Course Accessibility: How to Find LMS Platforms that are WCAG 2.1 AA Conformant?

This is the question I began to wonder as I looked for course software for my ADA Compliance Course. At first I thought I would have my choice of LMS platforms – surely education of all sectors would prioritize accessibility, right?

As I sifted through Google search after Google search and tried keyword after keyword, I started to realize that learning management system (LMS) platforms aren’t even self-interested enough to care about accessibility, let alone to provide a learning environment that’s accessible to students with disabilities.

And you can forget searching for reviews on LMS accessibility.
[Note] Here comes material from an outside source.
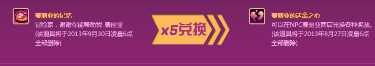 在2013年8月13日-2013年8月27日活动时间内,每天体验迷离大厅地下城,地下城中随机掉落赛丽亚的记忆,推荐地下城中异界,死亡之塔,迷妄之塔,青龙、黄龙等特殊地下城是无效的。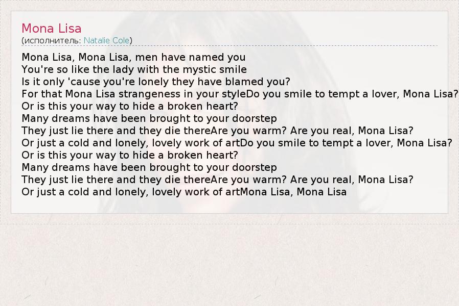 А как ты думаешь, о чем песня "Mona Lisa" ?

There really aren’t any reviews for multiple reasons, one being most people don’t understand accessibility enough to write a review on the matter.

With the thousands of public education entities affected by the new ADA Title II web accessibility rule, I’m writing this guide to help schools, colleges, universities, learning centers, programs, etc. in their search for the most accessible LMS.

For more on what the new Title II of the Americans with Disabilities Act (ADA) means for public schools, read my Digital Accessibility in Education guide.

This first section gets into my experience with the LMS I choose – and I provide these details because my situation is not unique, it’s common. And you will very likely come across accessibility issues no matter what platform you choose.

By the way, I refer to WCAG frequently in this post. WCAG is the acronym for the Web Content Accessibility Guidelines which are technical standards for accessibility. These standards have been incorporated into many laws concerning digital accessibility.

What LMS Software Did I Choose?

After multiple searches over days, I finally came across Sensei LMS. Sensei is the WordPress LMS plugin by Automattic. Automattic is the company that owns, WooCommerce, and Jetpack.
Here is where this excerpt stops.